Directions for this task
Output the entries exactly. Start at the first line, finish with the line containing "国产新片《好东西》以1.56", and omit the pictures.
══ Available records ══
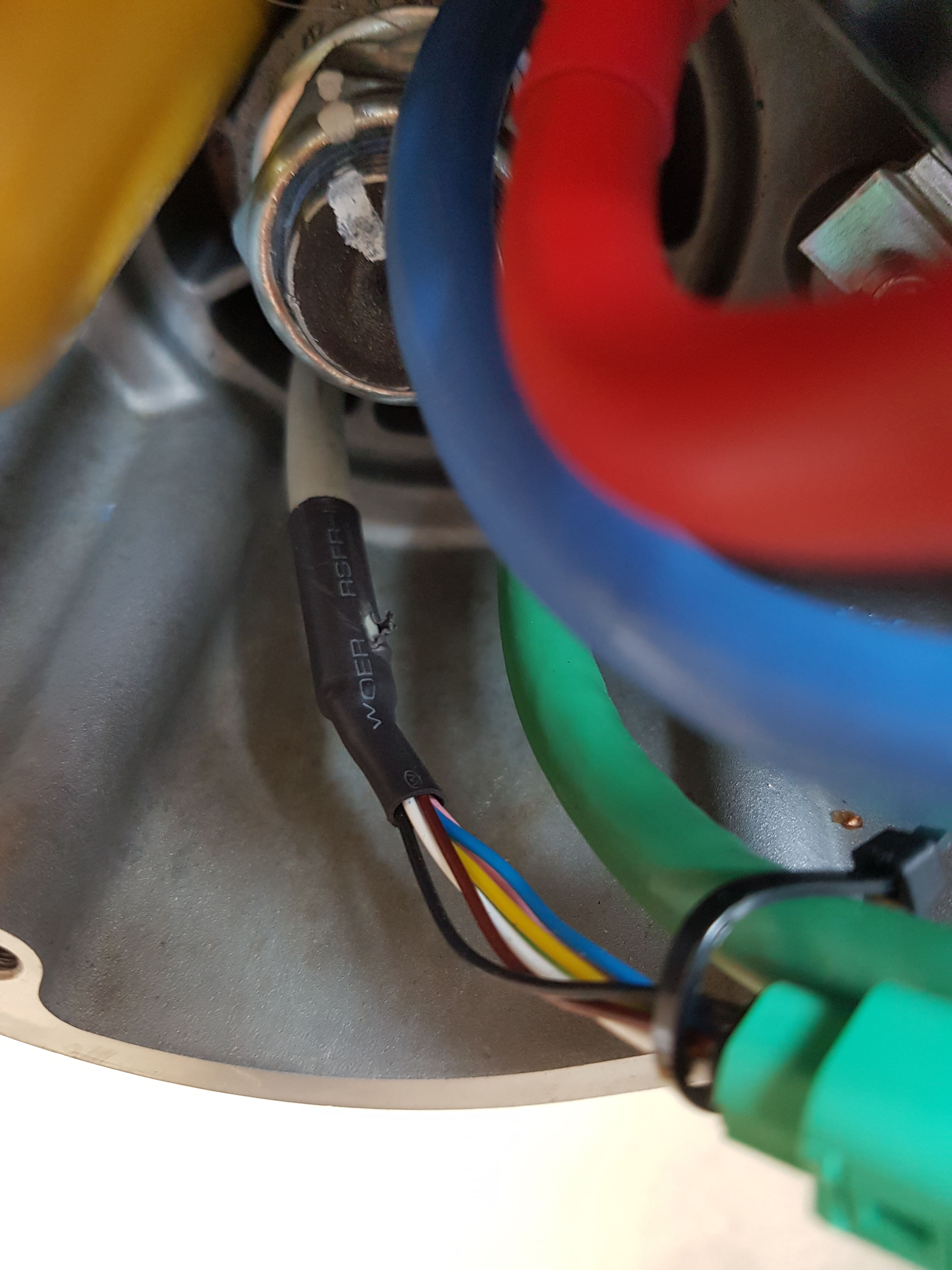 2 Adern sind sehr sicher der Temp.-sensor, und 4 Adern der Drehzahlsensor. Aus der Verkabelung, die man von den Bildern als wahrscheinlichste ableiten kann, schließe ich, dass es wahrscheinlich ein analoger sin-cos-Encoder ist. Aber was ist die 7. Ader? Da muß ich wohl nochmal aufschrauben...
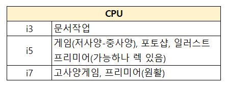 i5 이상을 추천해요.
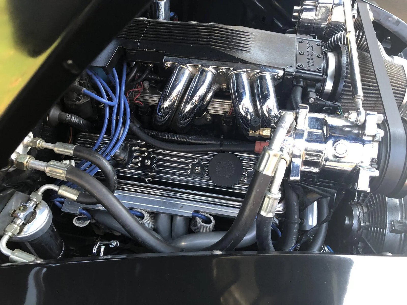 The 5.7-liter LT1 V8 was installed during the build and features chrome accents along with an aluminum radiator and a stainless-steel exhaust system.
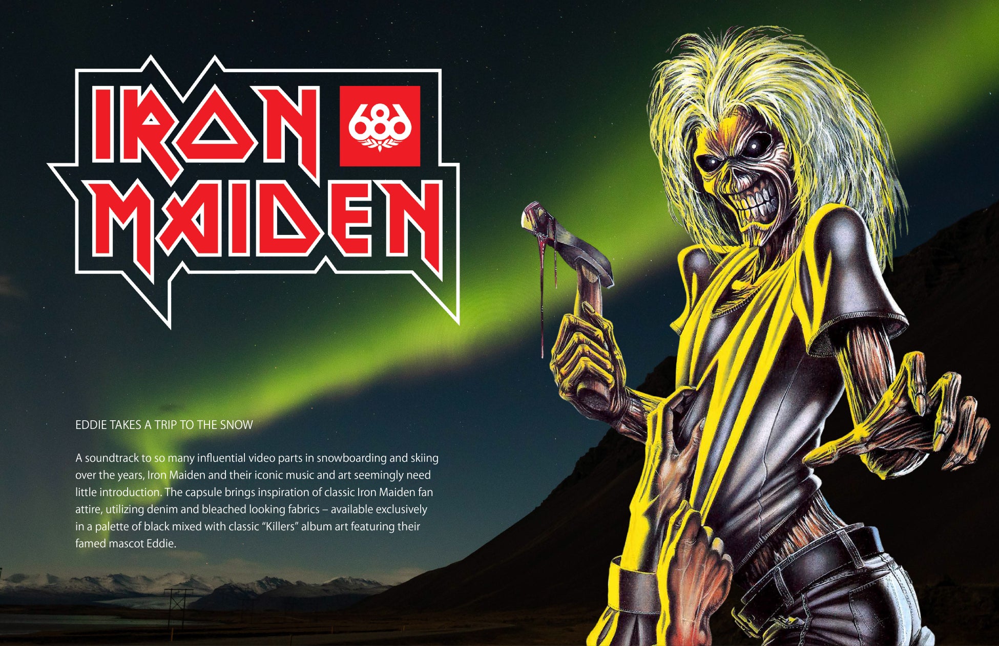 世界的ヘヴィメタル・バンド「アイアン・メイデン」とスノーウェアブランド「686」が、待望のコラボレーションアイテムをリリースします。
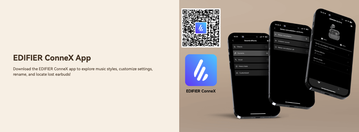 Personalize your audio and controls via the EDIFIER ConneX app.
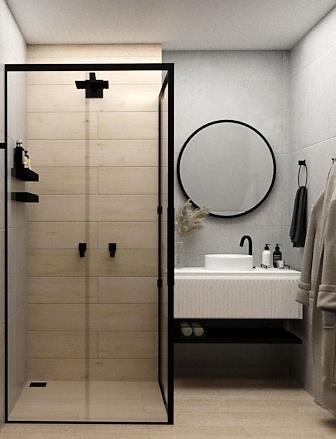 Composição: Porcelanato imitando madeira + tom claro.
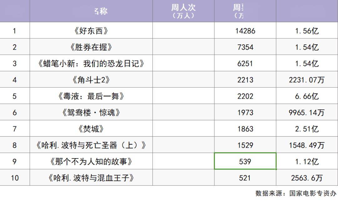 国产新片《好东西》以1.56亿元周票房位列周榜冠军,周六较周五开画上涨101%,涨幅对于常规时间开场的新片非常不错。
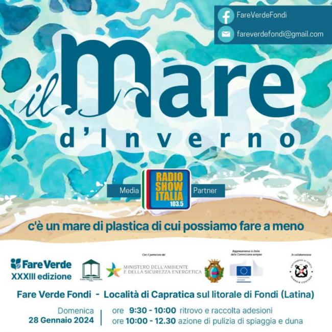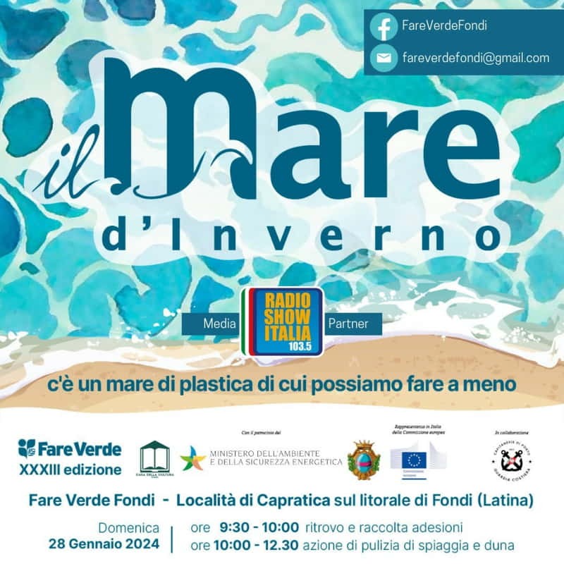 Si rinnova anche quest’anno l’appuntamento con “Il Mare d’Inverno”, storica manifestazione nazionale dell’Associazione di Protezione Ambientale “Fare Verde”, giunta nel 2024 alla sua XXXIII Edizione. I Volontari dei vari gruppi locali saranno nuovamente impegnati in operazioni di pulizia di spiagge italiane per ricordare a tutti che l’inquinamento dei litorali è un problema che esiste per dodici mesi all’anno e non solo durante il periodo estivo.
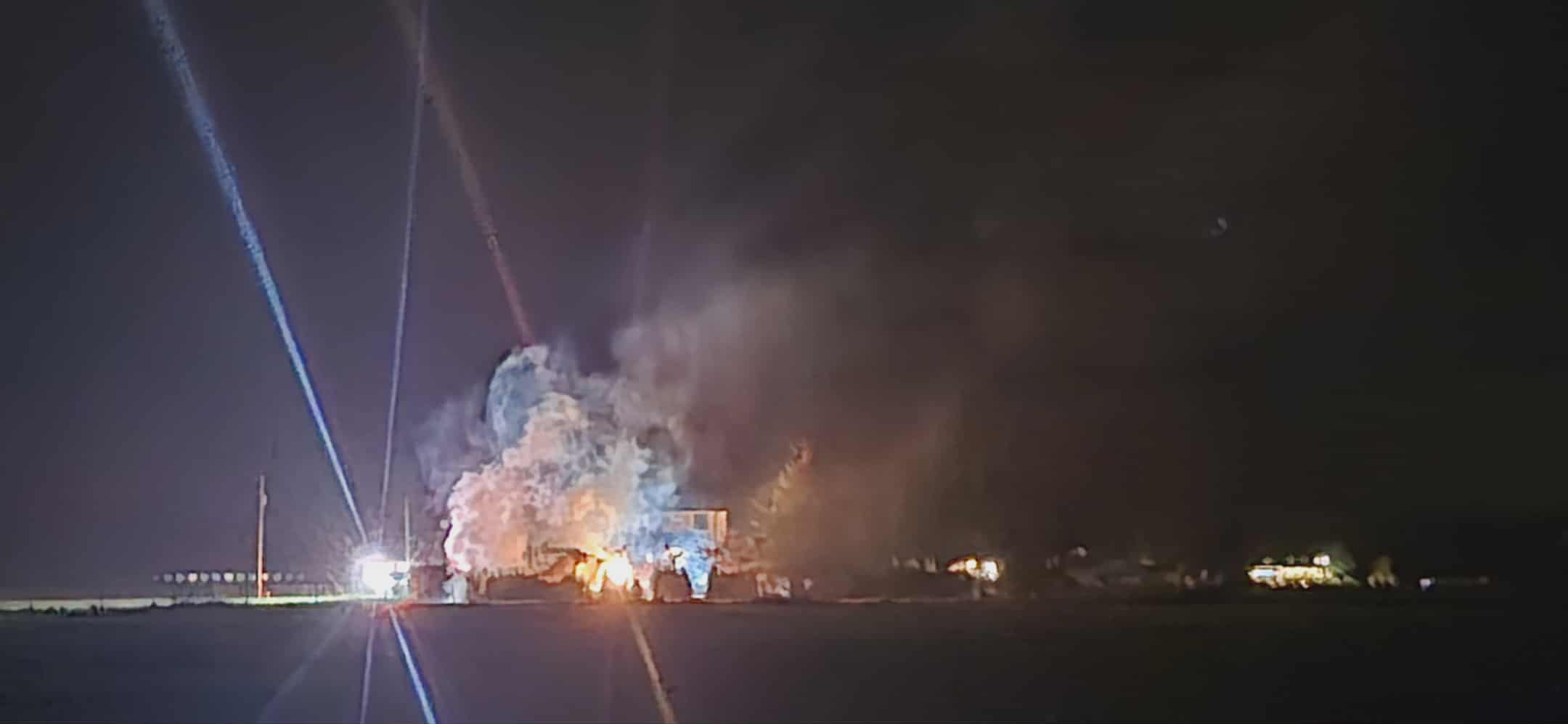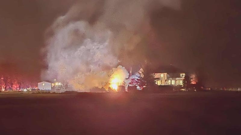 Scanner traffic reported the fire on Ottenbreit Road, near the No. 9, at around 9 p.m. Images and videos from the incident show the shop fully engulfed in flames, with tall billows of smoke emerging from the structure.
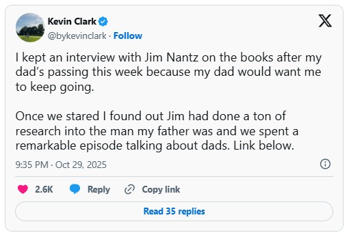 Qua cách tri ân người cha của Kevin Clark, một lần nữa người ta hiểu vì sao danh hiệu "Bình luận viên vĩ đại nhất mọi thời đại" của Jim Nantz đã được khẳng định từ lâu.
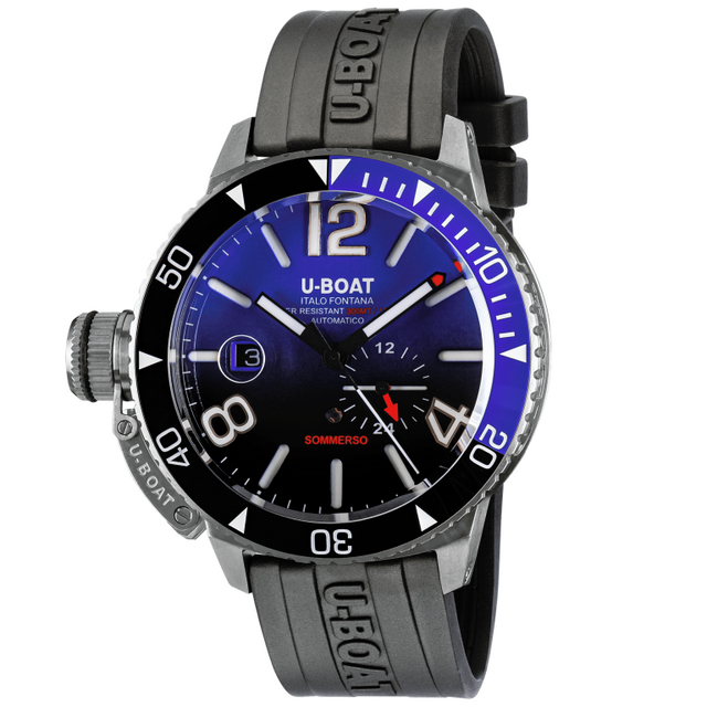 The U-Boat Sommerso Ceramic Blue Ref. 9519 delivers serious dive capability with bold Italian design, defined by its blue and black ceramic bezel.
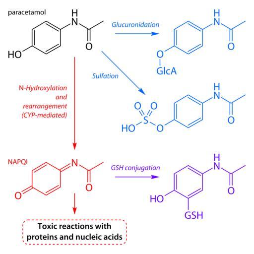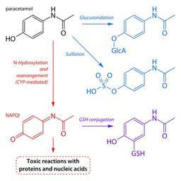 | Keywords: Paracetamol metabolism.svg validSVG Simplified schematic of the key pathways of w paracetamol metabolism in the human body The first step in conversion of paracetamol to NAPQI has been omitted for clarity <br>Set in Myriad Pro Legend 0066FF Pathways to non-toxic metabolites red Pathway to toxic metabolites CYP-mediated 6600FF Detoxification pathway Abbreviations GlcA glucuronic acid ; GSH glutathione ; NAPQI N-acetyl-p-benzoquinone imine Esquema simplificado das principais vias de biotransformação do paracetamol em humanos Para maior clareza omitiu-se a primeira etapa da conversão do paracetamol à N-acetil-benzoquinoneimina <br>Diagrama composto em Myriad Pro Legenda legend 0066FF Vias de conversão a metabólitos atóxicos red Via de conversão a metabólitos tóxicos mediada pelo sistema P450 6600FF Via de detoxificação Abreviações GlcA ácido glicurônico; GSH glutationa; NAPQI N-acetil-benzoquinoneimina Created with Inkscape Own work after Henry John 1995 http //books google com/books id bhP4XLBEHtcC pg PA666 Poisoning in Marshall William Leonard Clinical biochemistry metabolic and clinical aspects p 666 Edinburgh Churchill Livingstone ISBN 9780443043413; and Hendrickson Robert G ; Kenneth E Bizovi 2006 http //books google com/books id cvJuLqBxGUcC pg PA525 Acetaminophen in Nelson Lewis H ; Flomenbaum Neal; Goldfrank Lewis R et al Goldfrank's toxicologic emergencies p 525 New York McGraw-Hill ISBN 9780071437639 Both retrieved on January 18 2009 through Google Book Search 2009-01-18 Fvasconcellos Paracetamol metabolism it svg File Paracetamol metabolism png English also simpified <br> File Métabolisme paracetamol png French also simplified <br> File Metabolizm paracetamolu svg more detailed Polish Paracetamol Xenobiotic metabolism SANGHARSH |
═══
Written reply
 2 Adern sind sehr sicher der Temp.-sensor, und 4 Adern der Drehzahlsensor. Aus der Verkabelung, die man von den Bildern als wahrscheinlichste ableiten kann, schließe ich, dass es wahrscheinlich ein analoger sin-cos-Encoder ist. Aber was ist die 7. Ader? Da muß ich wohl nochmal aufschrauben...
 i5 이상을 추천해요.
 The 5.7-liter LT1 V8 was installed during the build and features chrome accents along with an aluminum radiator and a stainless-steel exhaust system.
 世界的ヘヴィメタル・バンド「アイアン・メイデン」とスノーウェアブランド「686」が、待望のコラボレーションアイテムをリリースします。
 Personalize your audio and controls via the EDIFIER ConneX app.
 Composição: Porcelanato imitando madeira + tom claro.
 国产新片《好东西》以1.56亿元周票房位列周榜冠军,周六较周五开画上涨101%,涨幅对于常规时间开场的新片非常不错。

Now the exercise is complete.